Infinitely Losing My Edge
Yeah, I'm losing my edge.
I'm losing my edge.
The kids are coming up from behind.
I'm losing my edge.
I'm losing my edge to the kids from Monaco and from Portland.
But I was there.
I was there in 1987.
I was there at the first Nirvana show in Seattle.
I'm losing my edge.
I'm losing my edge to the kids whose footsteps I hear when they get on the decks.
I'm losing my edge to the internet seekers who can tell me every member of every good group from 1963 to 1972.
I'm losing my edge.
To all the kids in Mumbai and Paris.
I'm losing my edge to the art-school Stockholm kids in little jackets and borrowed nostalgia for the unremembered nineties.
I'm losing my edge.
I'm losing my edge.
I can hear the footsteps every night on the decks.
But I was there.
I was there in 1976 at the first Buzzcocks practice in a loft in Bolton.
I was working on the marimba sounds with much patience.
I was there when Nile Rodgers started up his first band.
I told him, "Don't do it that way. You'll never make a dime."
I was there.
I was the first guy playing Marc Romboy vs. Booka Shade to the rock kids.
I played it at the Crocodile.
Everybody thought I was crazy.
We all know.
I was there.
I was there.
I've never been wrong.
But I'm losing my edge to better-looking people with better ideas and more talent.
And they're actually really, really nice.
I'm losing my edge.
I heard you have a compilation of every good song ever done by anybody.
Every great song by Frankie Knuckles. All the underground hits.
All Wally Richardson tracks. I heard you have a vinyl of every Mad Mike record on German import.
I heard that you have a white label of every seminal grunge hit - 1985, '86, '87.

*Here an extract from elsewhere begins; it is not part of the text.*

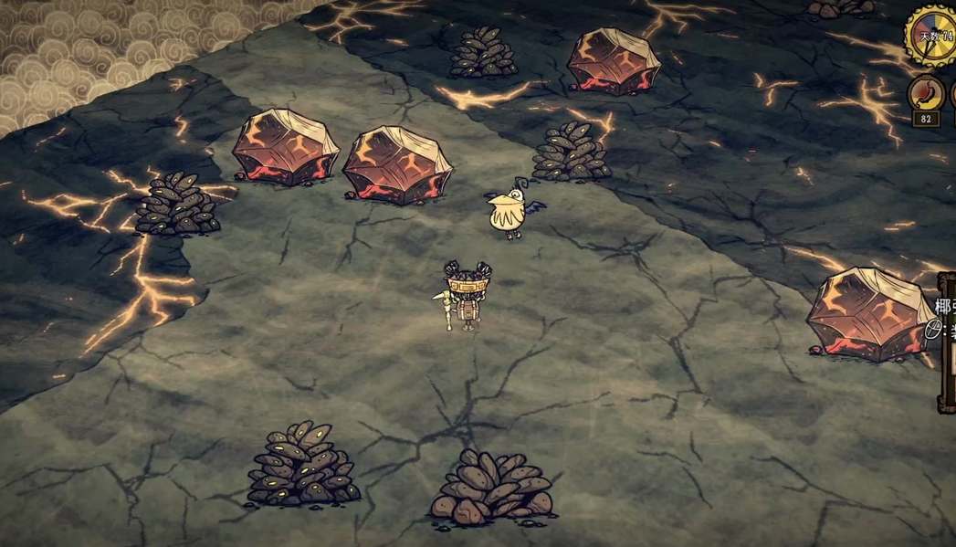 在火山喷发的时候,玩家可以带着冰帽进入火山里,陨石可以摧毁大块黑曜石和熔岩矿可以获得大量黑曜石和矿石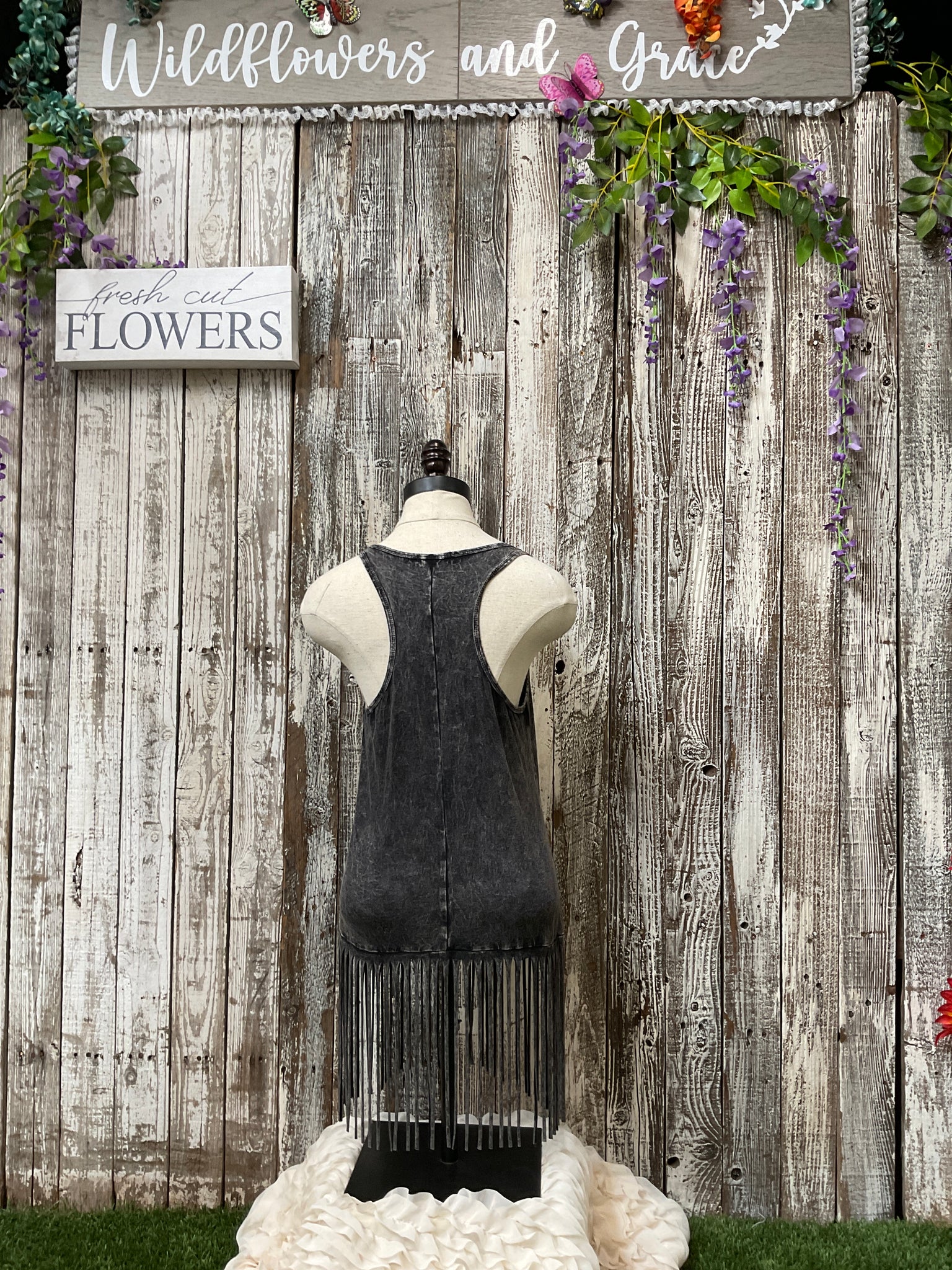 Grey, Viscos/Spandex, Racer Back, w/ bottom Fringe w/ Blinged out “Shhh…I’m Hunting Cowboys” saying in front design.

I heard that you have a CD compilation of every good '50s cut and another box set from the '80s.
I hear you're buying an oboe and a chamberlin and are throwing your macbook out the window because you want to make something real. You want to make a Lizzy Mercier Descloux record.
I hear that you and your band have sold your harpsichord and bought a sitar.
I hear that you and your band have sold your sitar and bought a harpsichord.
I hear everybody that you know is more relevant than everybody that I know.
But have you seen my records?
Albert Ayler,
Jeff Mills,
AZ,
Scan 7,
Marc Almond,
John Holt,
Brick,
June Days,
Pharoah Sanders,
Von Mondo,
Erykah Badu,
The Sisters of Mercy,
Flamin' Groovies,
Sister Nancy,
Qualms,
The Velvet Underground,
Minnie Riperton,
Skarface,
DeepChord presents Echospace,
Mark Hollis,
The Music Machine,
Swell Maps,
Manfred Mann's Earth Band,
Ten City,
Spandau Ballet,
Erasure,
Youth Brigade,
Echospace,
Ponytail,
Glambeats Corp.,
Jimmy McGriff,
New Age Steppers,
Eurythmics,
Todd Terry,
Nick Fraelich,
The Durutti Column,
Angry Samoans,
Derrick Morgan,
The Monks,
Ronnie Foster,
Johnny Clarke,
Tubeway Army,
R.M.O.,
Robert Hood,
The Vogues,
Fort Wilson Riot,
MDC,
The Moody Blues,
Kauko Röyhkä ja Narttu,
The Misunderstood,
the Association,
Khruangbin,
Radiohead,
Pierre Henry,
Harmonia,
China Crisis,
Visage,
Louis and Bebe Barron,
The Names,
Ossler,
Gregory Isaacs,
Coldchain, Rosco P., Featuring Pusha T from Clipse & Boo-Bonic,
The Alarm Clocks, The Alarm Clocks, The Alarm Clocks, The Alarm Clocks.
You don't know what you really want.
You don't know what you really want.
You don't know what you really want.
You don't know what you really want.
You don't know what you really want.
You don't know what you really want.
You don't know what you really want.
You don't know what you really want.
You don't know what you really want.
You don't know what you really want.
You don't know what you really want.
You don't know what you really want.
You don't know what you really want.
You don't know what you really want.
You don't know what you really want.